### Stored entries
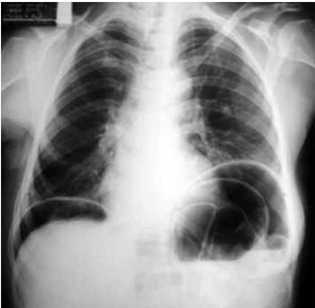
Fig. 1. Plain radiograph of the patient revealing bilateral sub-diaphragmatic free air.
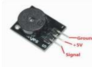
Fig 6. Buzzer

piezoelectric module which is responsible for high tone when the output is high. The working voltage is 5V. If the child is lost, the parent can locate the child by the loud sound produced by the buzzer. It can also acts as SOS signal to the people nearby that the child must be lost or in need of help.
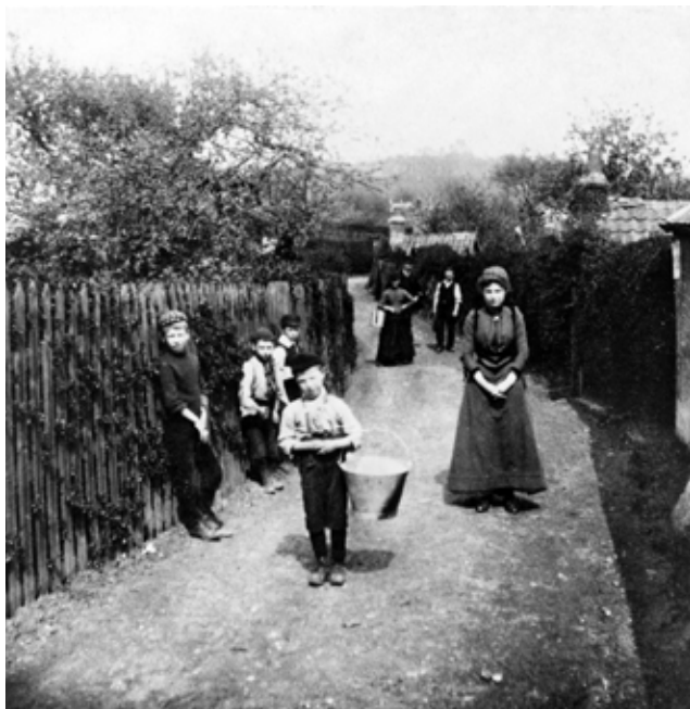
Woman and children on avenue in Hungerhill Gardens (c.1860s)

The wealthy with their new villas no longer needed detached gardens here at Hungerhills so they were taken on by the people who had moved into the new housing in St Anns.
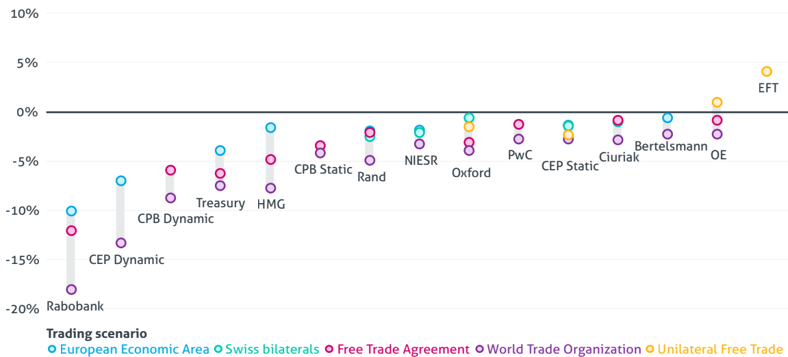
Figure 1: Forecast long-term impact of Brexit on GDP, relative to remaining in the EU
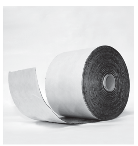
365 Flashing Membrane
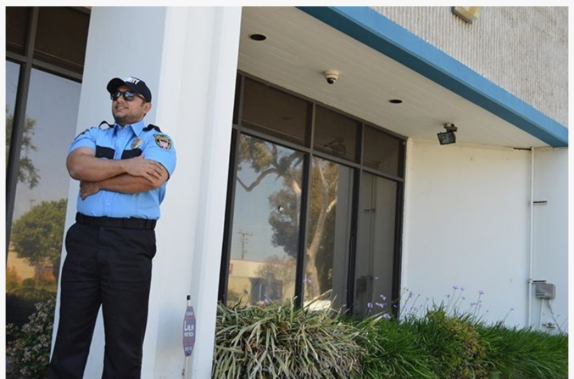
unarmed security guard service-

Hospitals are busy and sometimes stressful places. They are full of patients, visitors, and staff, all of whom need to feel safe and comfortable. But with so many people coming and going, it can be hard to keep track of everything. That's where security guards play a key role.
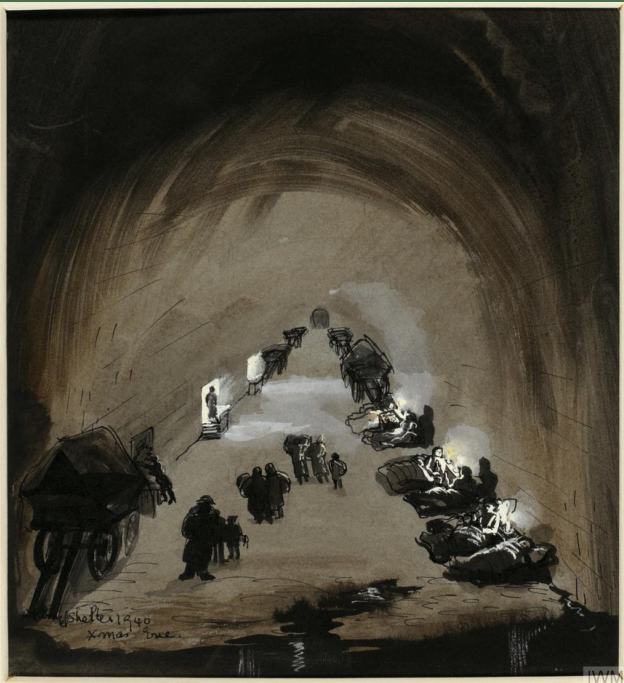
A Shelter in Camden Town under a Brewery: Christmas Eve, 1940, water colour by Olga Lehmann.

At first, people had been discouraged from going underground to sleep in tube stations, cave systems and storage areas as there was fear that driving citizens underground would disrupt the economy. The people persisted though as sleeping and even living in under the city was preferable to the alternative. Eventually the government got behind the use of public and private facilities as large scale shelters and by December 30th The Times reported that over 1,000,000 people spent Christmas underground.
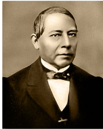
Benito Juarez, a Mason
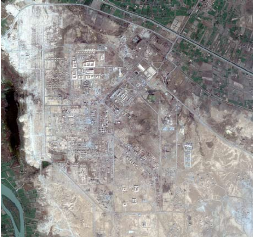
Satellite image of Iran
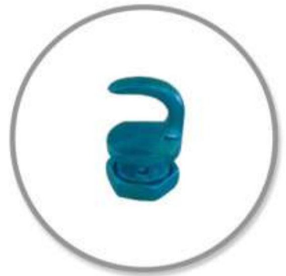
Leminar Hook Wide Blade
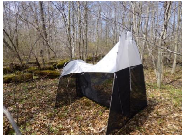
Figure 1. Malaise trap deployed at Rondeau Provincial Park in 2014.

One Malaise trap was deployed at Rondeau Provincial Park in 2014 (42.30206, -81.85306, 239m ASL; Figure 1). This trap collected arthropods for twenty weeks from April 29 – September 16, 2014. All 10 Malaise trap samples were processed; every other sample was analyzed using the individual specimen protocol while the second half was analyzed via bulk analysis. A total of 1248 BINs were obtained.
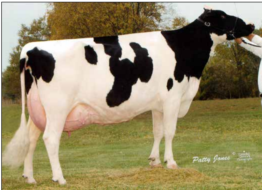
TRI-DAY ASHLYN-ET EX-96 2E GMD DOM 3RD DAM OF LOT 22
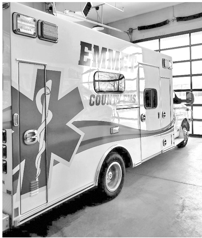
Emmet County Emergency Medical Service (EMS) took delivery in January of the first of two remounted Braun ambulances budgeted for 2020.

The second remounted ambulance is scheduled to be delivered to the Braun
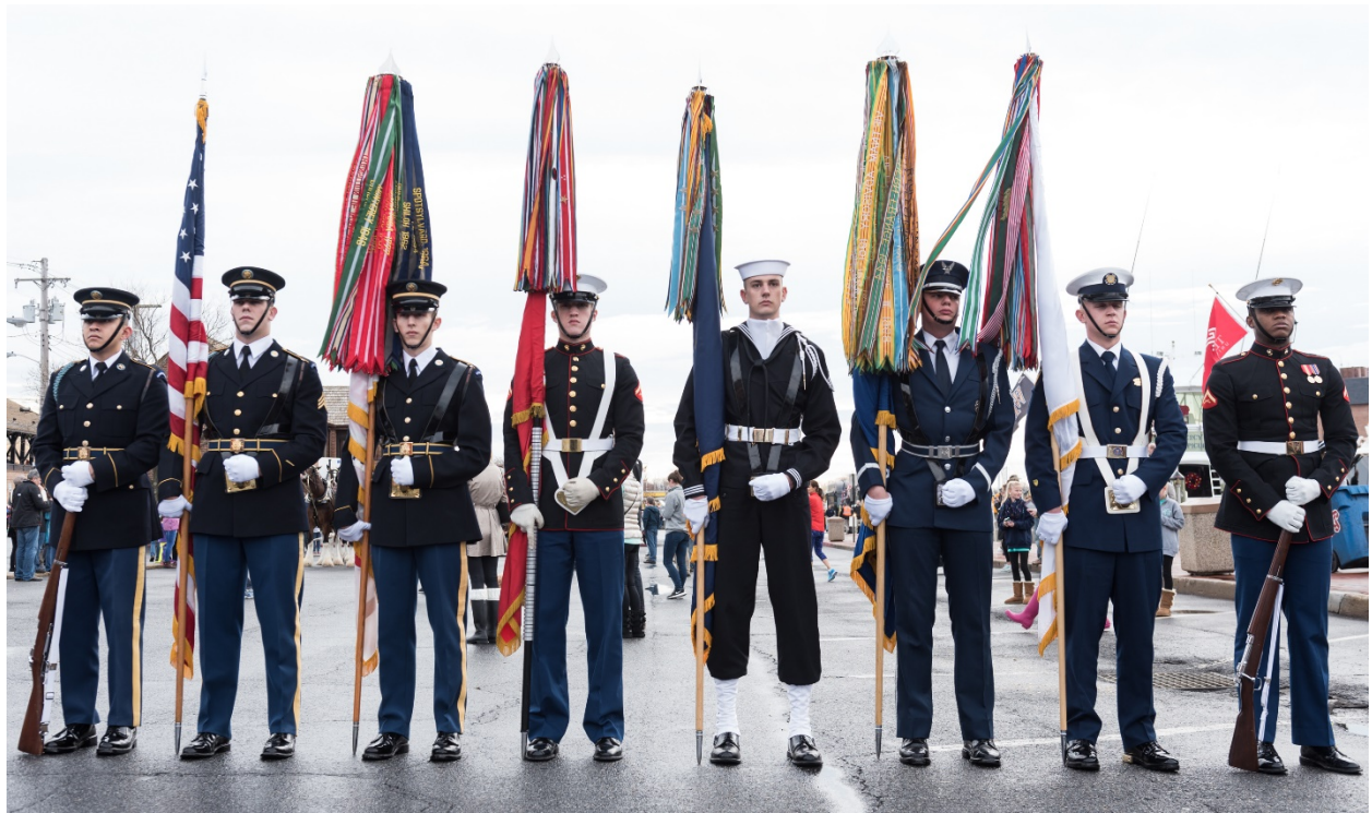
Members of a Joint Service Color Guard prepare to participate in a parade before the 2016 Military Bowl at the Navy – Marine Corps Memorial Stadium in Annapolis, Md., Dec. 27, 2016. The Wake Forest Demon Deacons defeated the Temple Owls 34-26.
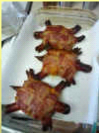
Bacon Cheese Turtleburgers

So, what is on the menu to keep us Fat and Happy?
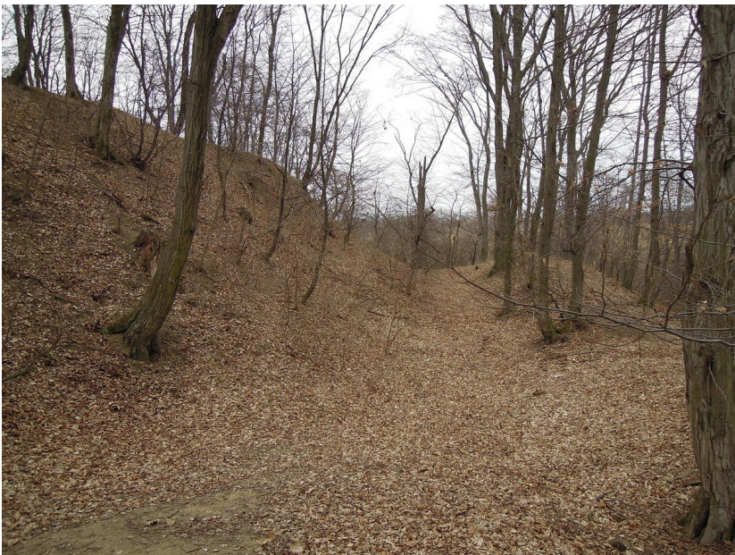
Settled hill of the small castle with ditch and outer rampart.
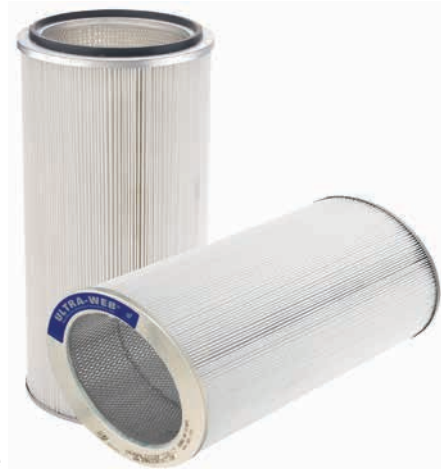
Ultra-Web SB Cartridge
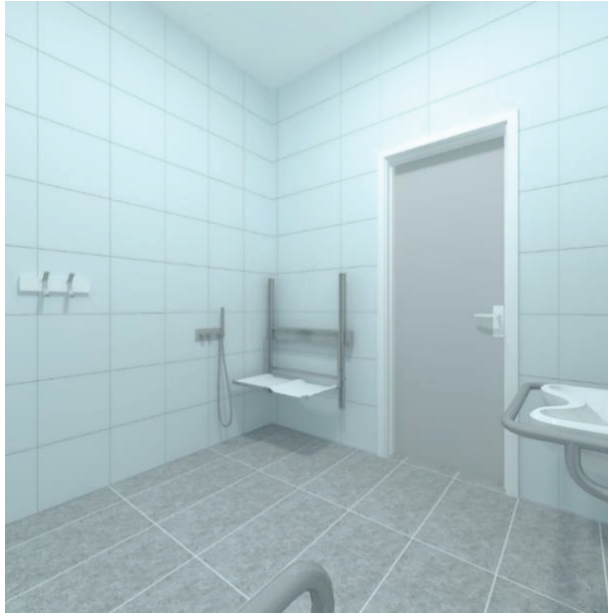
Fig. 2. Lavatory for disabled people.
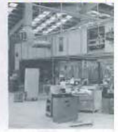
MANGEL TYPE & M
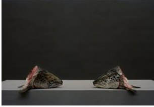
Olivier Richon Melencolia, with Fish , 2012 c-type print 65 x 85 cm 25 5/8 x 33 1/2 in Edition 2/3 + 1 AP (IBID-RICHO-00157)
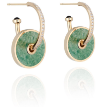
Outline Hoops, Petite 14K YG Moss Agate/White Diamond $2055
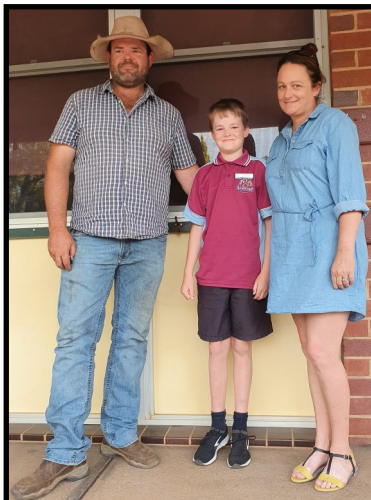
Vice Captain 2021

### Aim of the task
Reproduce the data word for word without its images.

### Answer section
Fig. 1. Plain radiograph of the patient revealing bilateral sub-diaphragmatic free air.
Fig 6. Buzzer

piezoelectric module which is responsible for high tone when the output is high. The working voltage is 5V. If the child is lost, the parent can locate the child by the loud sound produced by the buzzer. It can also acts as SOS signal to the people nearby that the child must be lost or in need of help.
Woman and children on avenue in Hungerhill Gardens (c.1860s)

The wealthy with their new villas no longer needed detached gardens here at Hungerhills so they were taken on by the people who had moved into the new housing in St Anns.
Figure 1: Forecast long-term impact of Brexit on GDP, relative to remaining in the EU
365 Flashing Membrane
unarmed security guard service-

Hospitals are busy and sometimes stressful places. They are full of patients, visitors, and staff, all of whom need to feel safe and comfortable. But with so many people coming and going, it can be hard to keep track of everything. That's where security guards play a key role.
A Shelter in Camden Town under a Brewery: Christmas Eve, 1940, water colour by Olga Lehmann.

At first, people had been discouraged from going underground to sleep in tube stations, cave systems and storage areas as there was fear that driving citizens underground would disrupt the economy. The people persisted though as sleeping and even living in under the city was preferable to the alternative. Eventually the government got behind the use of public and private facilities as large scale shelters and by December 30th The Times reported that over 1,000,000 people spent Christmas underground.
Benito Juarez, a Mason
Satellite image of Iran
Leminar Hook Wide Blade
Figure 1. Malaise trap deployed at Rondeau Provincial Park in 2014.

One Malaise trap was deployed at Rondeau Provincial Park in 2014 (42.30206, -81.85306, 239m ASL; Figure 1). This trap collected arthropods for twenty weeks from April 29 – September 16, 2014. All 10 Malaise trap samples were processed; every other sample was analyzed using the individual specimen protocol while the second half was analyzed via bulk analysis. A total of 1248 BINs were obtained.
TRI-DAY ASHLYN-ET EX-96 2E GMD DOM 3RD DAM OF LOT 22
Emmet County Emergency Medical Service (EMS) took delivery in January of the first of two remounted Braun ambulances budgeted for 2020.

The second remounted ambulance is scheduled to be delivered to the Braun
Members of a Joint Service Color Guard prepare to participate in a parade before the 2016 Military Bowl at the Navy – Marine Corps Memorial Stadium in Annapolis, Md., Dec. 27, 2016. The Wake Forest Demon Deacons defeated the Temple Owls 34-26.
Bacon Cheese Turtleburgers

So, what is on the menu to keep us Fat and Happy?
Settled hill of the small castle with ditch and outer rampart.
Ultra-Web SB Cartridge
Fig. 2. Lavatory for disabled people.
MANGEL TYPE & M
Olivier Richon Melencolia, with Fish , 2012 c-type print 65 x 85 cm 25 5/8 x 33 1/2 in Edition 2/3 + 1 AP (IBID-RICHO-00157)
Outline Hoops, Petite 14K YG Moss Agate/White Diamond $2055
Vice Captain 2021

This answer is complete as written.